Table 4 shows the summary results of
three liquid culture experiments in which K562 cells were treated with
10 µg/ml 4-HC. The results are expressed as the mean ± S.D. of
total viable cells in three flasks for each experimental group. Again,
the results demonstrate significantly lower cell survival and recovery
in all ALDH-1 AS groups compared with WT cells (P < .05).
Table 5 shows the results of one of two
representative experiments conducted similarly to those described in
Table 3. These results again demonstrate that with the loss of ALDH-1
AS effect and the rebound increase in ALDH-1 activity and mRNA (Fig.
4), the relative resistance to 4-HC is restored in the AS cells (AS-C, AS-N, and AS-NC) compared with WT K562 cells.
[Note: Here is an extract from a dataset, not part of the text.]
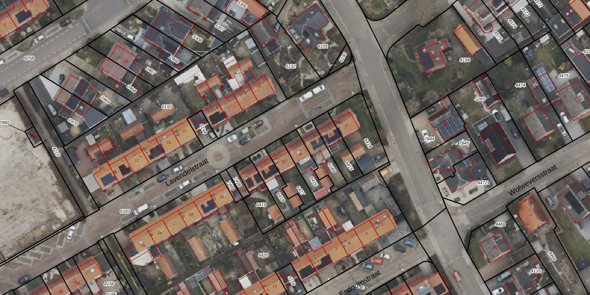 Gebruik de zoekbalk of klik op een perceel voor informatie over de adressen binnen dit perceel.
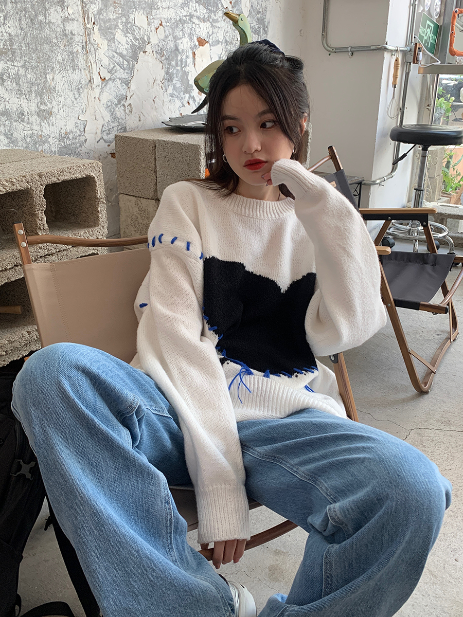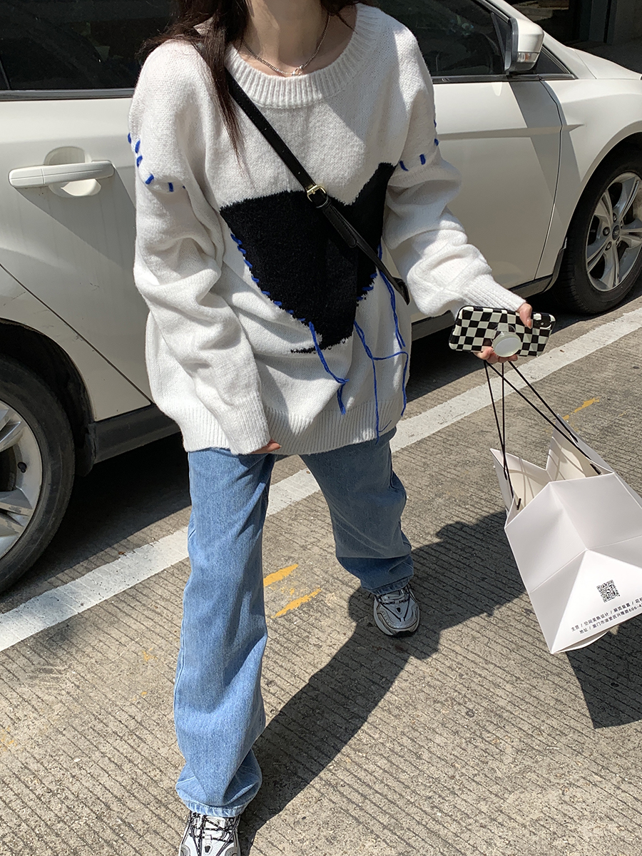 经典的撞色针织毛衣,胸前爱心设计,简单中不失甜美可爱,优质面料超舒适

The increase in relative
resistance is reflected in significantly (P < .025)
higher recovery of total colonies in all three AS groups compared with WT cells.
ALDH-1 AS Overexpression Reduces ALDH-1 Activity and Sensitizes
A549 Cells to 4-HC.
To study the effectiveness of the AS approach
when large amounts of the target mRNA is present, we overexpressed the
same AS constructs in A549 NSCLC cell line, which is known to have very
high levels of both ALDH-1 and ALDH-3 (Sreerama and Sladek, 1997).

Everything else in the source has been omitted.